Sunday, June 16, 2013

Healing Communities in Unlikely Places

Several days ago, I took a chance on a novel by an author I was not familiar with and the story she has woven has captured my heart and my imagination.  Don't Let Me Go by Catherine Ryan Hyde, is a masterful piece that perfectly illustrates the value of community in personal healing.  The story is set in a rough neighborhood apartment complex in the greater LA metropolitan area.  Grace, the main character of the story is a nine-year-old child of a relapsed addict. The motley tenants include an agoraphobic, an abuse victim, an elderly lady an angry pedophile and a marginalized Latino. They band together in an effort to help Grace and in the process become a community of healing.

At the beginning of the story, each character is isolated from the others, hostile and fearful.  The world they live in is not safe and they are not trusting.  They know nothing about each other but because Grace is their unifying concern, they slowly lower their personal defenses and allow themselves to be seen by the others.  Grace sets the frame for their interactions; her unconditional acceptance of each adult becomes the norm for the way they interact with each other and with her.  And in doing so, they step out of isolation and into community.  And healing flows through the rooms of the apartments.

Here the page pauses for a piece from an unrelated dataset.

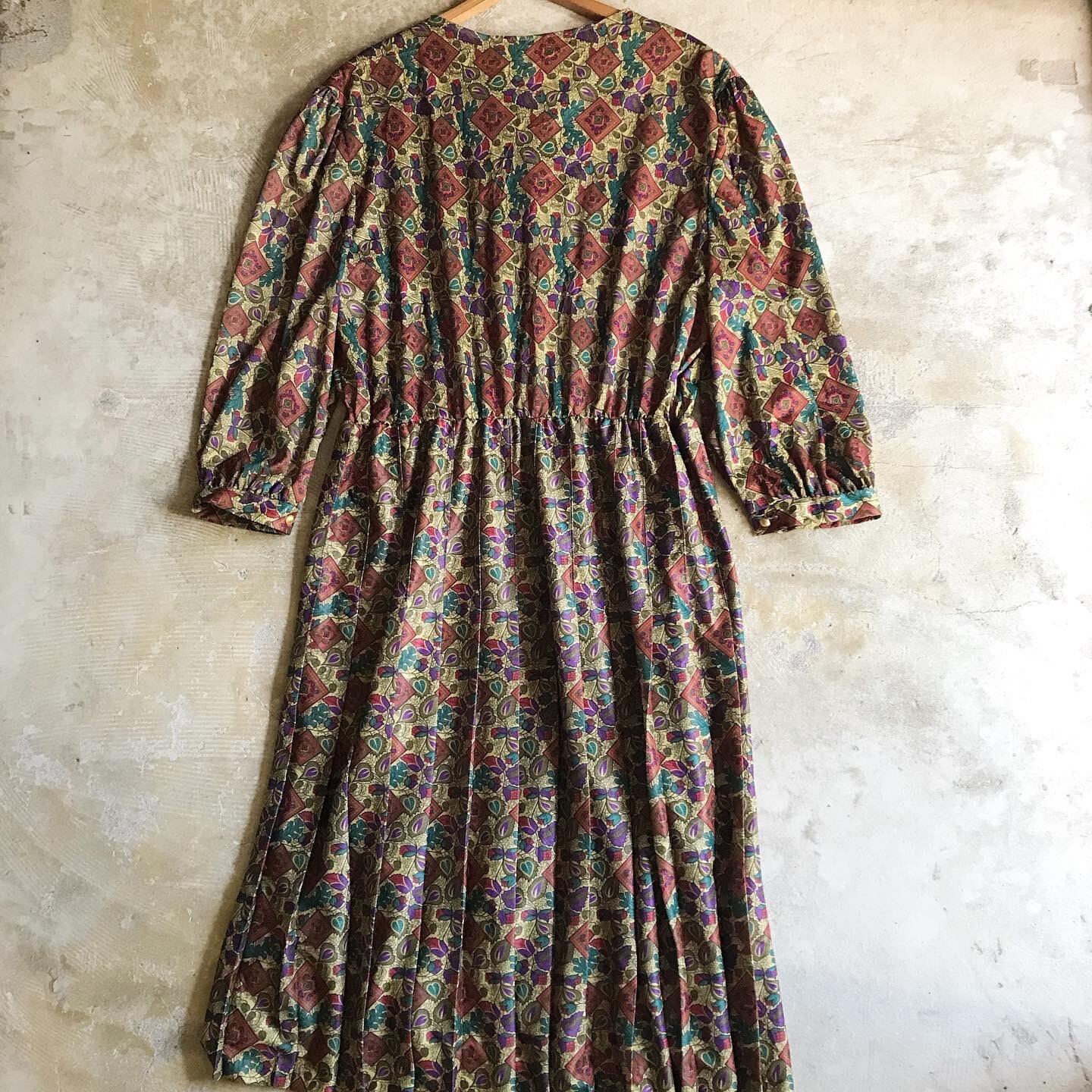 落ち着いた色合いで描かれた柄が大人っぽい雰囲気のワンピース。小さな金ボタンがさりげないアクセントになっています。すっきりとした首元と、ゆるやかなデザインを活かして、ハイネック等との重ね着もオススメです。少し光沢のある、さらりとしたしなやかな素材感です。裏地は付いていませんが透け感はありません。

According to Dr. Brene Brown, "Shame needs three things to grow out of control in our lives:  secrecy, silence, and judgment." (The Gifts of Imperfection, p. 40).  She goes on to state that "Shame happens between people, and it heals between people." (p. 40).  When we isolate and keep our shame a secret, it thrives but it loses its power when we speak of it.  Billy, the agoraphobic, hides in his apartment though he once danced on Broadway.  Rayleen, the abused manicurist, won't allow anyone to get close emotionally because of the shame she carries over her childhood sexual abuse.  And Mr. Lafferty, the angry man struggling with pedophilia, keeps everyone at bay by his explosive anger.  While they live in close proximity, they are separated by a universe called SHAME.

But not all communities are able to be healing communities.  In fact, many communities become toxic by their demand that everyone look perfect, act perfect or maintain a lifestyle that is congruent with the community's standards.  These communities are extremely judgmental so in order to survive, each member must remain in hiding and isolation.  They may look good on the outside but are rotten to the core on the inside.  Healing communities often are found in the most unlikely places--like a seedy apartment complex on the wrong side of town or in the rooms of a 12-Step program.

But grace--kindness, courtesy, thoughtfulness, approval, favor, mercy, esteem, respect--is a prerequisite for any community to become a healing community.  It is the life force that transforms a group of wounded neighbors into change agents in the life of a little girl and unleashes healing in their own lives.  It is grace that enables genuine connection between individuals and it is that connection that provides healing for shame.  And once we have experienced grace and healthy connections, our heart cry, much like Grace's, will be "Don't ever let me go!"  I need you in order to heal and survive and you need me.  We need each other, we need a community.  Get the book!  Read the book!  Be grace-filled individuals reaching out to another so that together we can heal from the shame that is destroying us.